Task brief »
Leaving out any pictures, print the entries that follow exactly as they stand.

Supplied information »
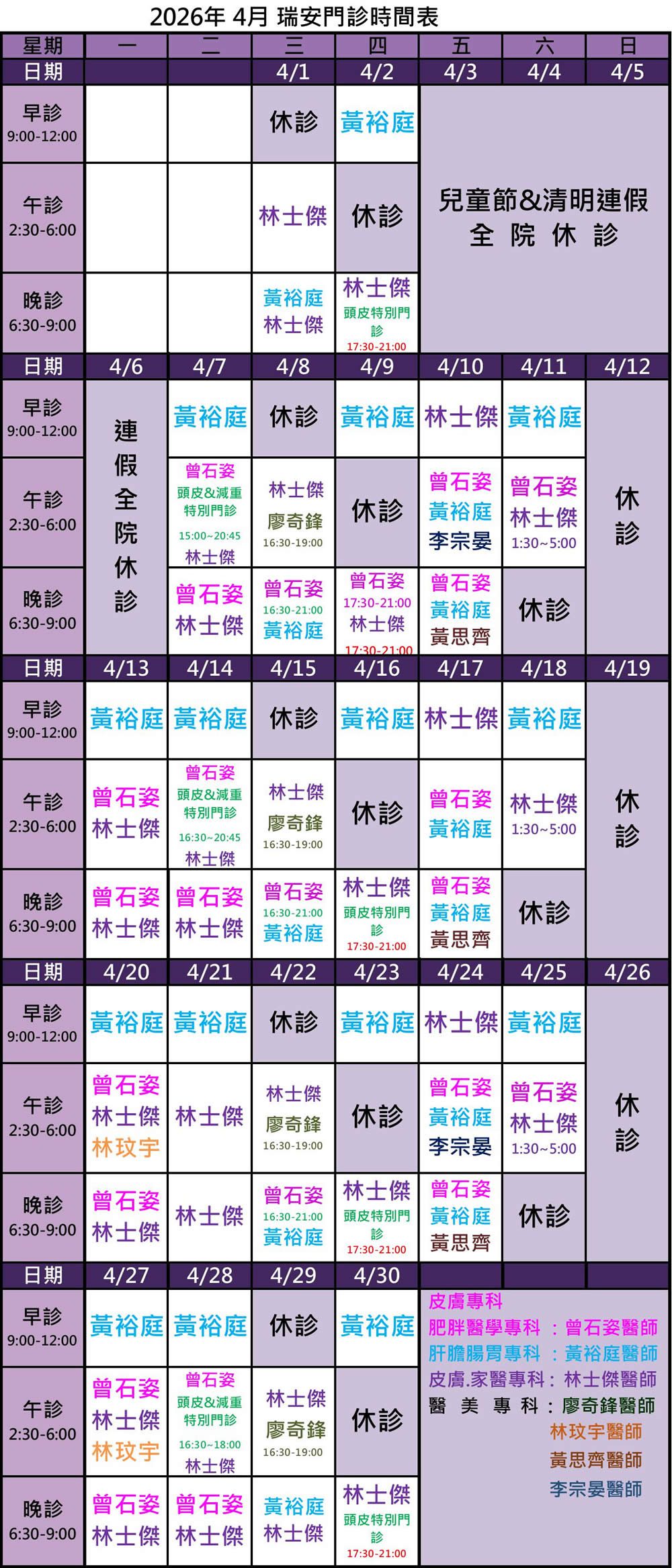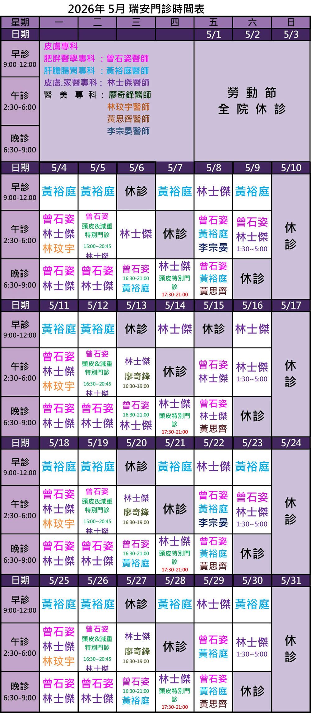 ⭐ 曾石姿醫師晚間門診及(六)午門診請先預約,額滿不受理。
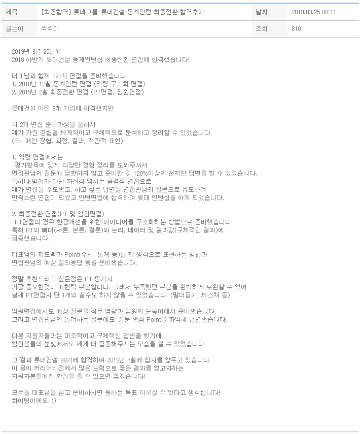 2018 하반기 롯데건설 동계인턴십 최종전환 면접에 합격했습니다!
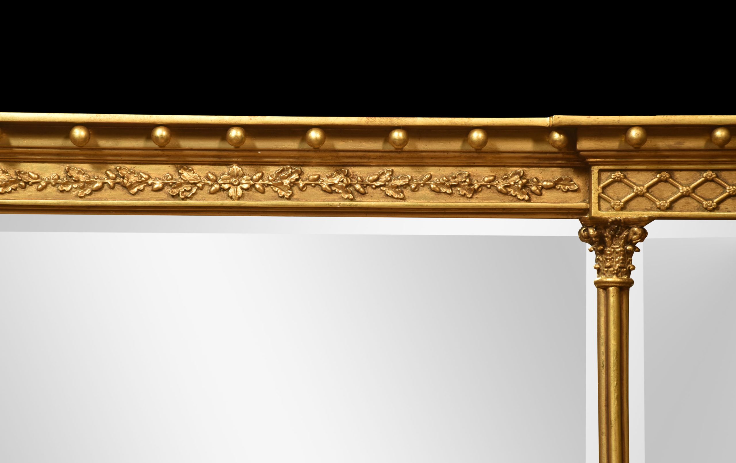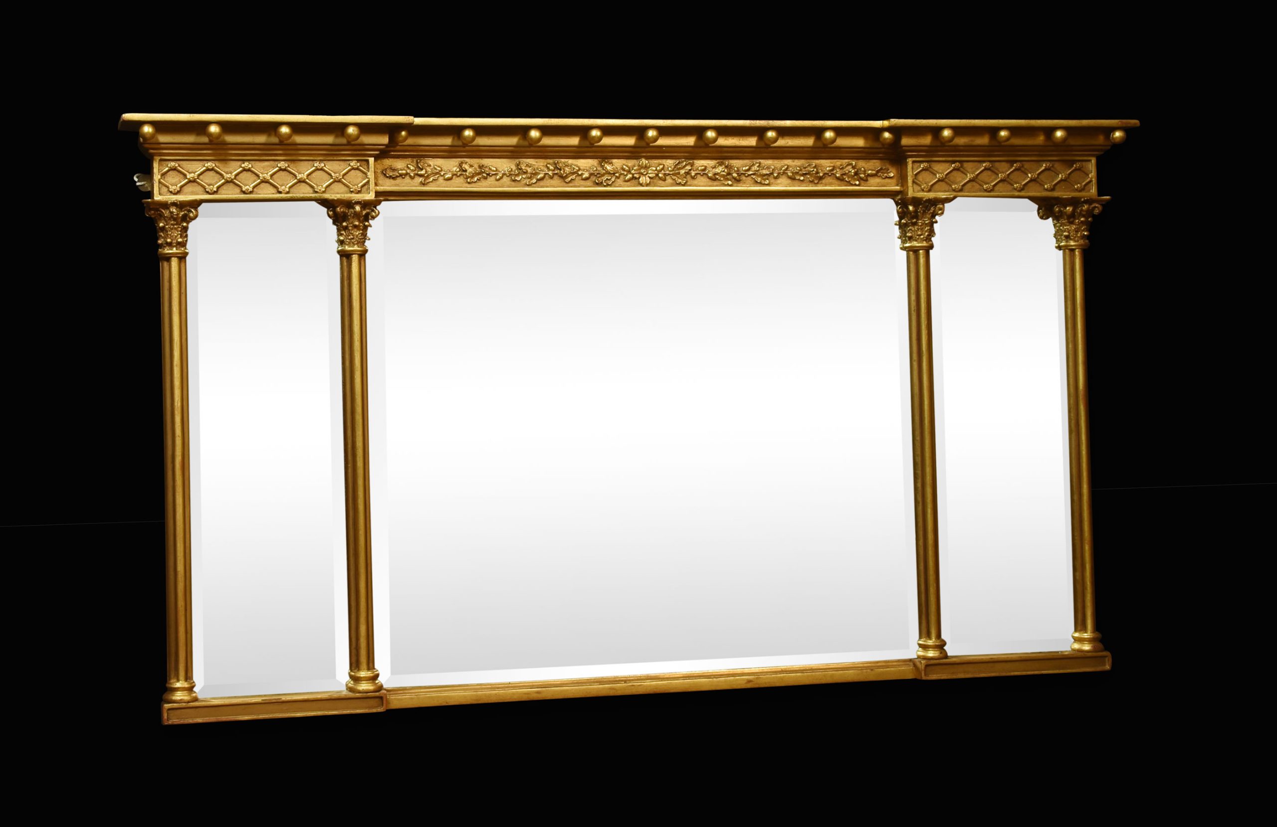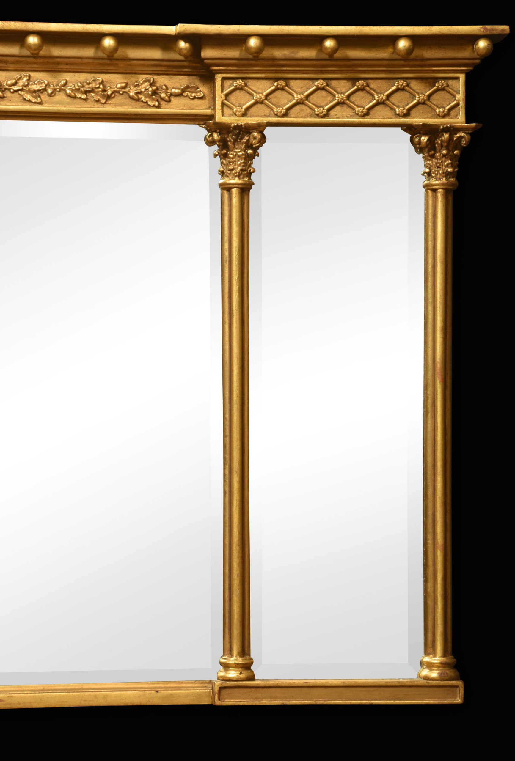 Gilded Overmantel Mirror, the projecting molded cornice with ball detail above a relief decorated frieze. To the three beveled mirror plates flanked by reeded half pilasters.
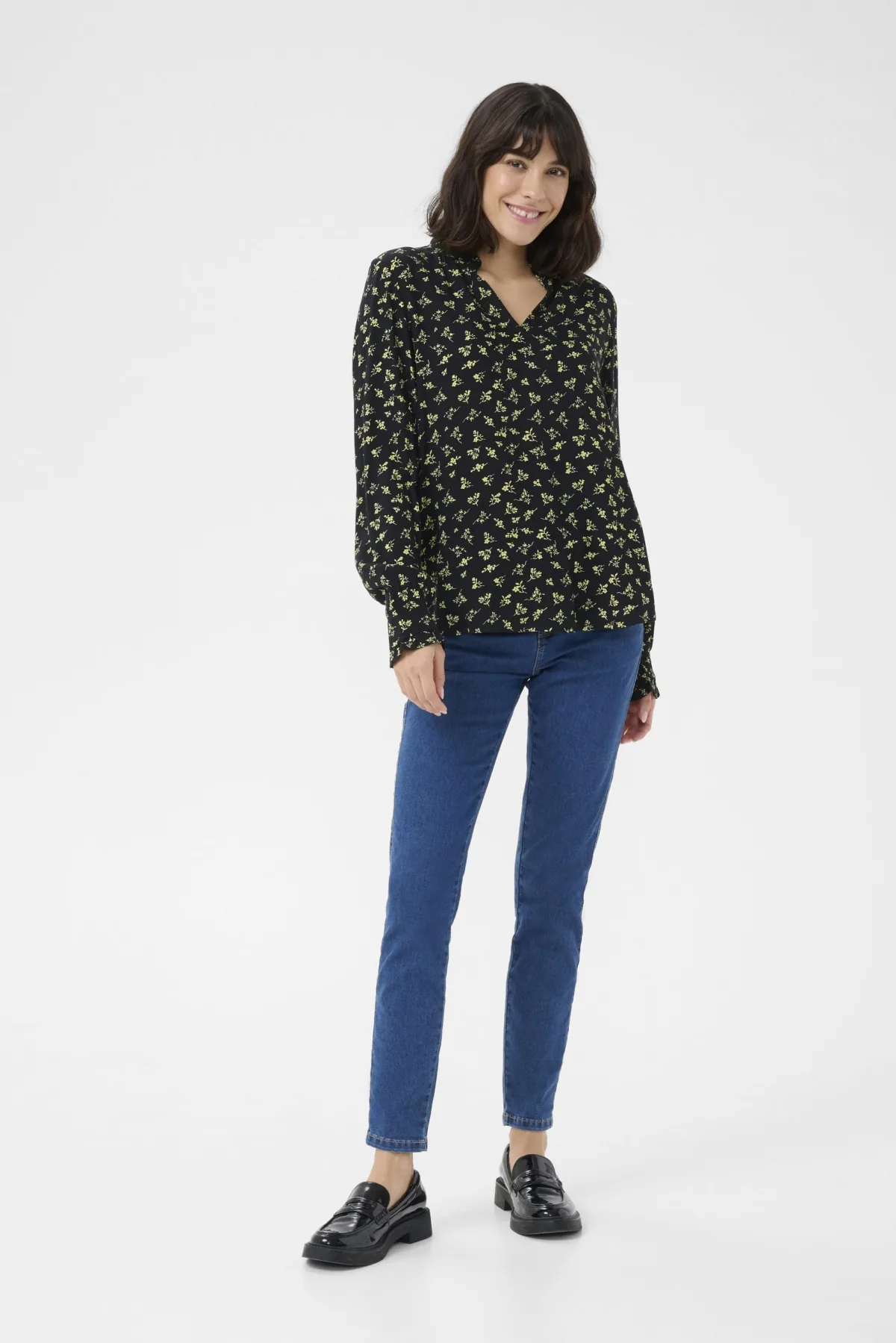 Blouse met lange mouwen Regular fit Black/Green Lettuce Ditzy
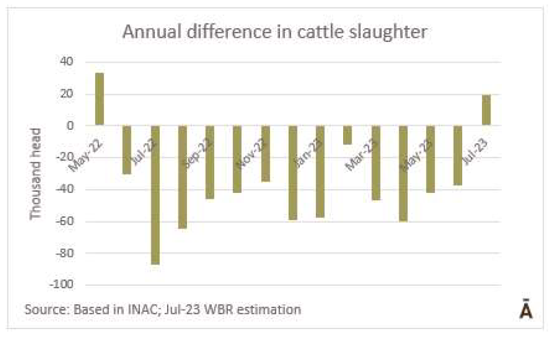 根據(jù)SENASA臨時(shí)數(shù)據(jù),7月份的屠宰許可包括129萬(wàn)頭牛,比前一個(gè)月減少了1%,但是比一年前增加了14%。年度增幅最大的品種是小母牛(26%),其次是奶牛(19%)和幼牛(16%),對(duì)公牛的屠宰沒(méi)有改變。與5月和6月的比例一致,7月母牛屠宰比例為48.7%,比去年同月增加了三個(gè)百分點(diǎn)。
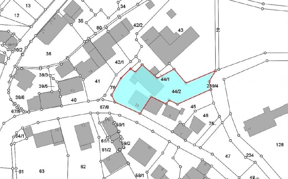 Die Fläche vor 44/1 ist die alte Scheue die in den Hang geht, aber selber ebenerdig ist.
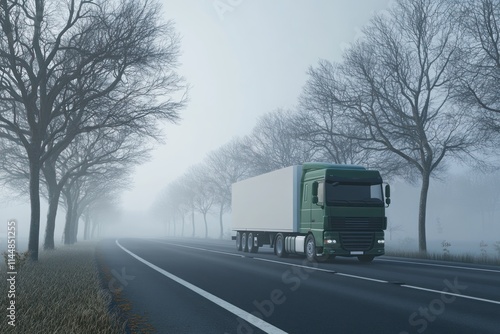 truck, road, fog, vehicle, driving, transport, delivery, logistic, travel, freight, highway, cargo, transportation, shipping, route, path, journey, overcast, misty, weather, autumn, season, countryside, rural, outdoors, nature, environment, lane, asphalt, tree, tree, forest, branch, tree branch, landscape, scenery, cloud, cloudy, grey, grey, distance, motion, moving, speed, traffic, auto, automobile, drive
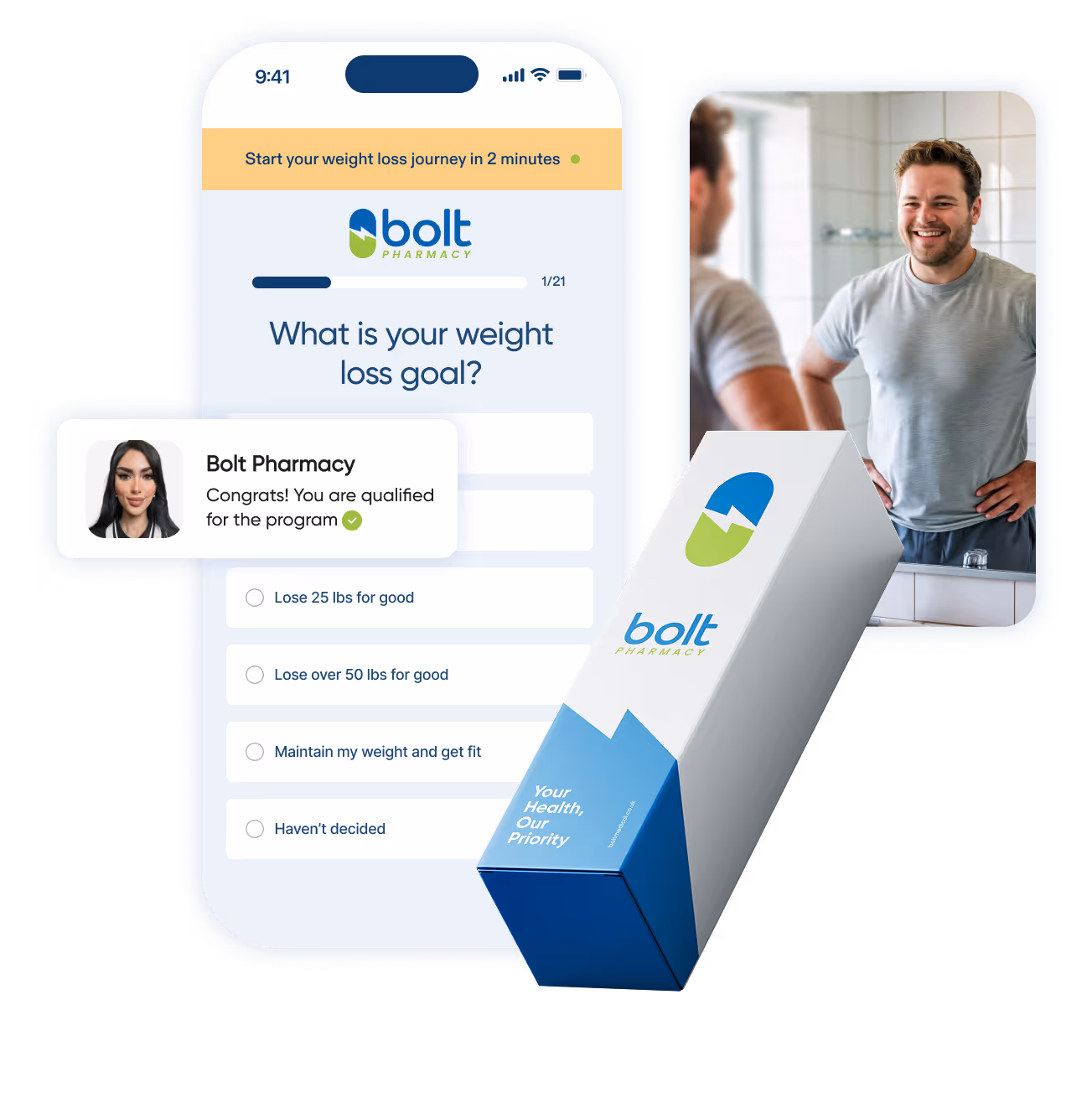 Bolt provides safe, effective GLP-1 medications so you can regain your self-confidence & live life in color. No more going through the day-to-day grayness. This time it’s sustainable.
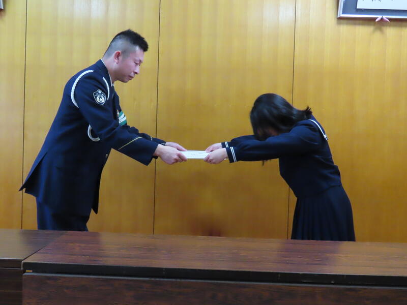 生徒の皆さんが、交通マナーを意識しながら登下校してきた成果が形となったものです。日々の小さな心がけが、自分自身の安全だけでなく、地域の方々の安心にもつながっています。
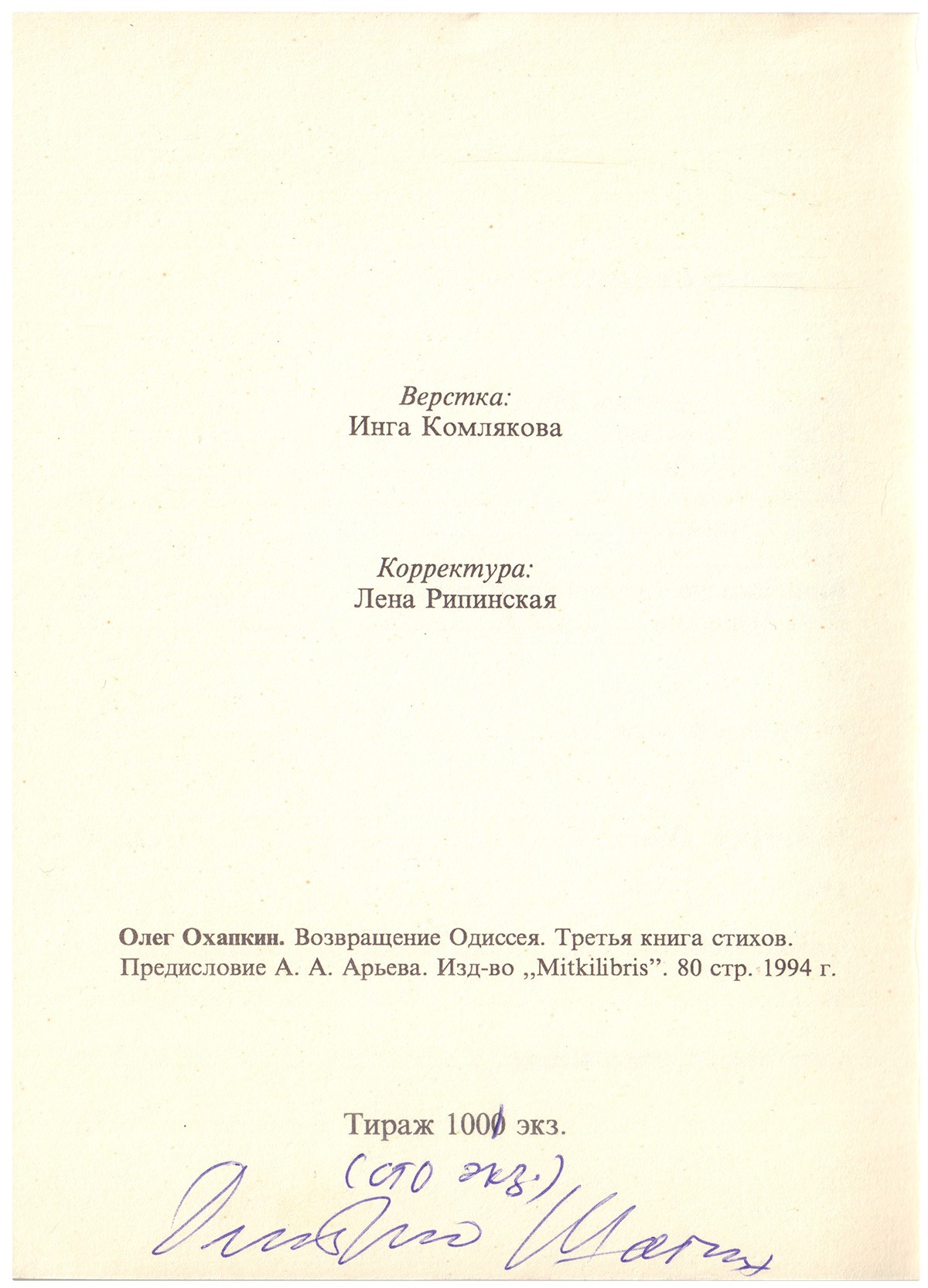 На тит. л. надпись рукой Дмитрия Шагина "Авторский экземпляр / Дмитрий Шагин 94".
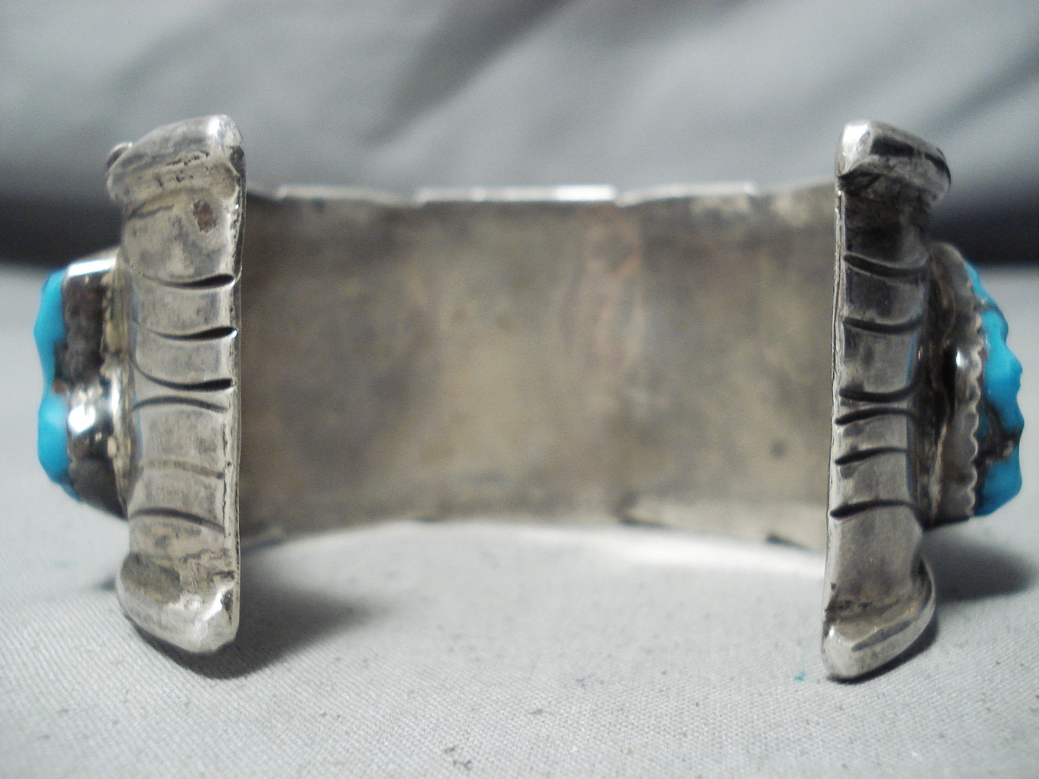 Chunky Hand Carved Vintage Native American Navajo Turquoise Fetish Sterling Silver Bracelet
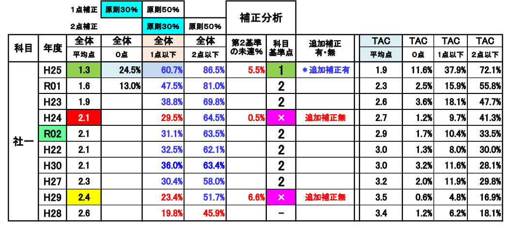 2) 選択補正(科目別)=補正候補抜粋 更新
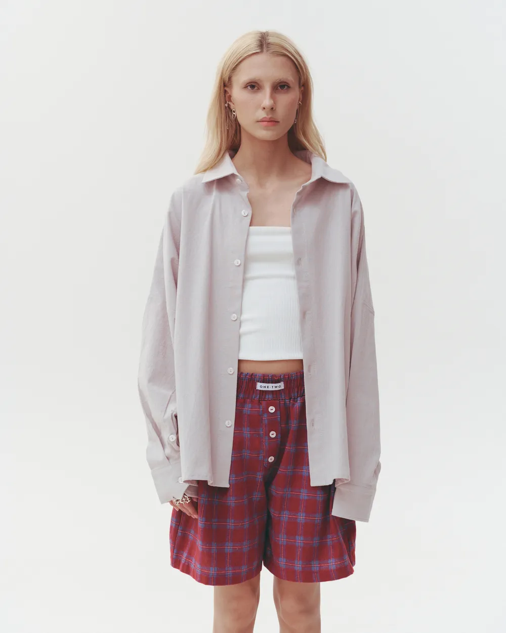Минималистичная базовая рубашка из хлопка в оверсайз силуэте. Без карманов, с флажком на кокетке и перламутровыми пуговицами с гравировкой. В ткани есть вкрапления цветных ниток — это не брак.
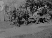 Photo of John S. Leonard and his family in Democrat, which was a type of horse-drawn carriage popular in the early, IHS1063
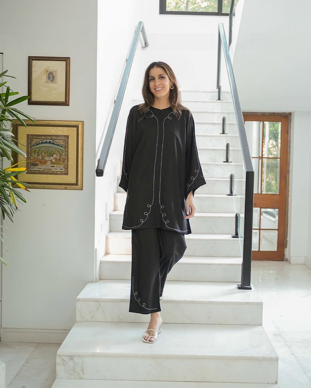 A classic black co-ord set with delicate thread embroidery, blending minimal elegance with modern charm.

Output of the exercise »
 ⭐ 曾石姿醫師晚間門診及(六)午門診請先預約,額滿不受理。
 2018 하반기 롯데건설 동계인턴십 최종전환 면접에 합격했습니다!
 Gilded Overmantel Mirror, the projecting molded cornice with ball detail above a relief decorated frieze. To the three beveled mirror plates flanked by reeded half pilasters.
 Blouse met lange mouwen Regular fit Black/Green Lettuce Ditzy
 根據(jù)SENASA臨時(shí)數(shù)據(jù),7月份的屠宰許可包括129萬(wàn)頭牛,比前一個(gè)月減少了1%,但是比一年前增加了14%。年度增幅最大的品種是小母牛(26%),其次是奶牛(19%)和幼牛(16%),對(duì)公牛的屠宰沒(méi)有改變。與5月和6月的比例一致,7月母牛屠宰比例為48.7%,比去年同月增加了三個(gè)百分點(diǎn)。
 Die Fläche vor 44/1 ist die alte Scheue die in den Hang geht, aber selber ebenerdig ist.
 truck, road, fog, vehicle, driving, transport, delivery, logistic, travel, freight, highway, cargo, transportation, shipping, route, path, journey, overcast, misty, weather, autumn, season, countryside, rural, outdoors, nature, environment, lane, asphalt, tree, tree, forest, branch, tree branch, landscape, scenery, cloud, cloudy, grey, grey, distance, motion, moving, speed, traffic, auto, automobile, drive
 Bolt provides safe, effective GLP-1 medications so you can regain your self-confidence & live life in color. No more going through the day-to-day grayness. This time it’s sustainable.
 生徒の皆さんが、交通マナーを意識しながら登下校してきた成果が形となったものです。日々の小さな心がけが、自分自身の安全だけでなく、地域の方々の安心にもつながっています。
 На тит. л. надпись рукой Дмитрия Шагина "Авторский экземпляр / Дмитрий Шагин 94".
 Chunky Hand Carved Vintage Native American Navajo Turquoise Fetish Sterling Silver Bracelet
 2) 選択補正(科目別)=補正候補抜粋 更新
Минималистичная базовая рубашка из хлопка в оверсайз силуэте. Без карманов, с флажком на кокетке и перламутровыми пуговицами с гравировкой. В ткани есть вкрапления цветных ниток — это не брак.
 Photo of John S. Leonard and his family in Democrat, which was a type of horse-drawn carriage popular in the early, IHS1063
 A classic black co-ord set with delicate thread embroidery, blending minimal elegance with modern charm.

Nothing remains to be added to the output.